Jurors could feel ‘pressure’ deliberating Depp’s case over holiday weekend
As the penultimate week of Johnny Depp’s $50 million defamation lawsuit comes to a close, jury deliberation is around the corner and expected to take up Memorial Day weekend.
Judge Penney Azcarate of Fairfax County, Virginia, promised the jury from the beginning that the case would be wrapped up before the approaching holiday, and it is unclear how she will proceed with jury deliberations when closing arguments are set for Friday. Should Azcarate have the jury deliberate during the holiday weekend, it could mean added pressure for individual jurors.
Jury consultant Jeffrey T. Frederick, who has been in the business of jury research since 1975 and has his own consulting firm headquartered in Virginia, where the trial happens to be taking place, told the Washington Examiner that deliberating over a holiday would not be a good idea.
WATCH: DEPP DEFAMATION TRIAL RECESS COULD BE ‘FAVORABLE’ FOR HEARD
“First, jurors could feel pressure to complete their task as soon as possible given the holiday,” Frederick said. “This would put pressure on any jurors who are in the minority, who could feel like they are holding up their fellow jurors in terms of the holiday.”

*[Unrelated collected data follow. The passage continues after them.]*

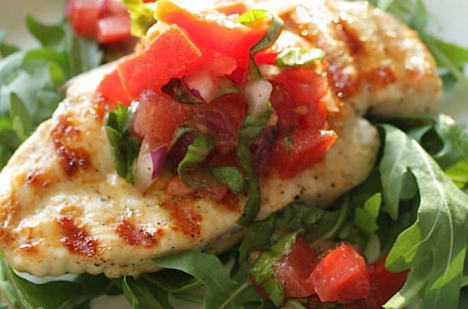 Kip, tomaat en basilicum. Daar maak je dit hele lekkere recept mee! Met rucola voor de volwassenen en wortelfriet voor de kids.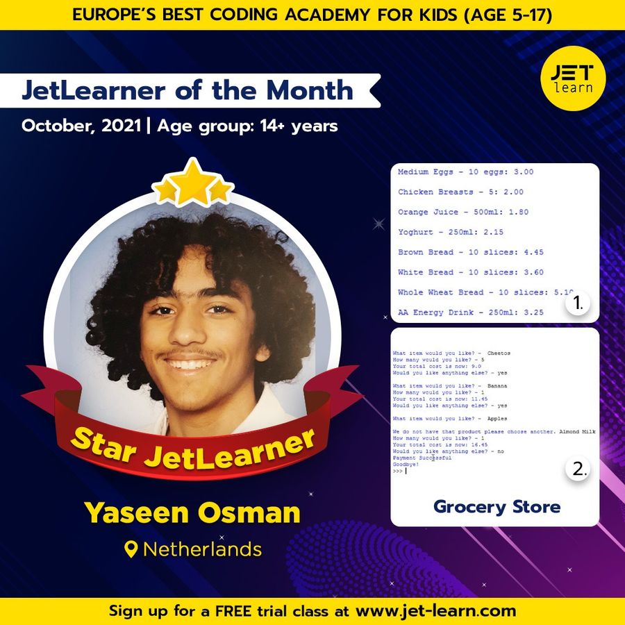14 year old Yaseen is helping you create a grocery store menu using Python. Use his product and your online grocery store is ready. We are proud of Yaseen’s innovation and dedication. We are happy to announce Yaseen as the JetLearner of the Month for October in the age group of 14+ years.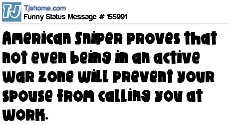 X  American Sniper proves that not even being in an active war zone will prevent your spouse from calling you at work.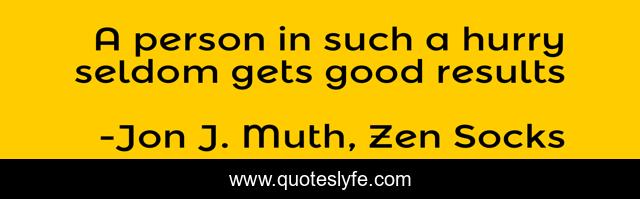 This page presents the quote "A person in such a hurry seldom gets good results". Author of this quote is Jon J. Muth, Zen Socks. This quote is about zen-socks, life-lessons,.

It is unclear how long closing arguments and jury instruction will take on Friday, meaning that deliberations could start as soon as that same day. Azcarate is providing jurors with a laptop full of all the evidence, so they can re-listen to audio recordings and closely review photographs.
“Ideally, the judge should not ask jurors to deliberate on Memorial Day,” Frederick said. “They are there doing their civic duty, and we should respect their time whenever possible.”

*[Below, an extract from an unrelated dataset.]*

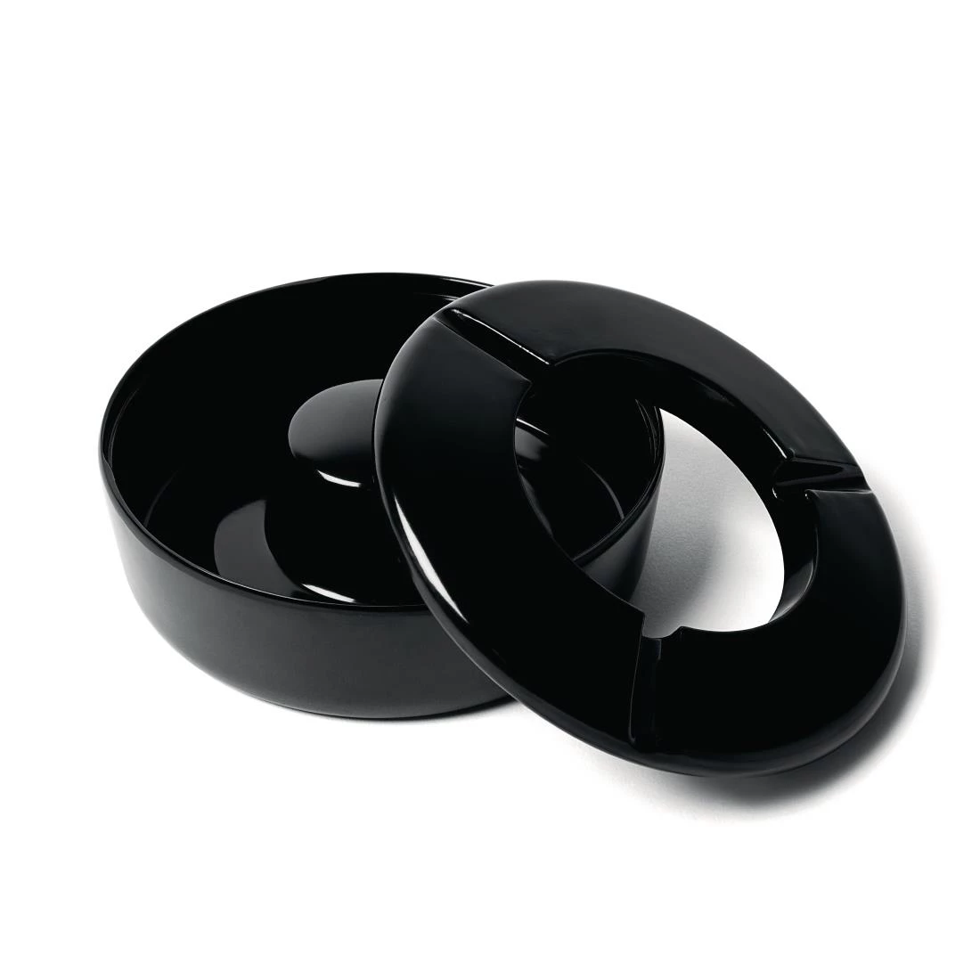 A windproof ashtray with a two piece design which both reduces odours and keeps ash and cigarette butts out of view, also prevents ash from being blown away, perfect for use on tables in pub gardens.

Throughout the trial, the jury hasn’t been sequestered despite the popularity of the case online. This resulted in a late start to the trial Thursday because one juror was running behind. As a result, the trial was delayed 30 minutes.
At the end of every day, Azcarate has encouraged jurors to steer clear from any discussion of the case, whether it be between friends and family or online.
“It is important that jurors know the consequences both for the trial and for them as well,” Frederick said. “In general, jurors try their best to follow such instructions, but it is not foolproof, and jurors have been known to conduct internet research and follow their case online. Even if jurors were sequestered, unless the court were to remove all devices, sequestration would not prevent access to the internet/social media.”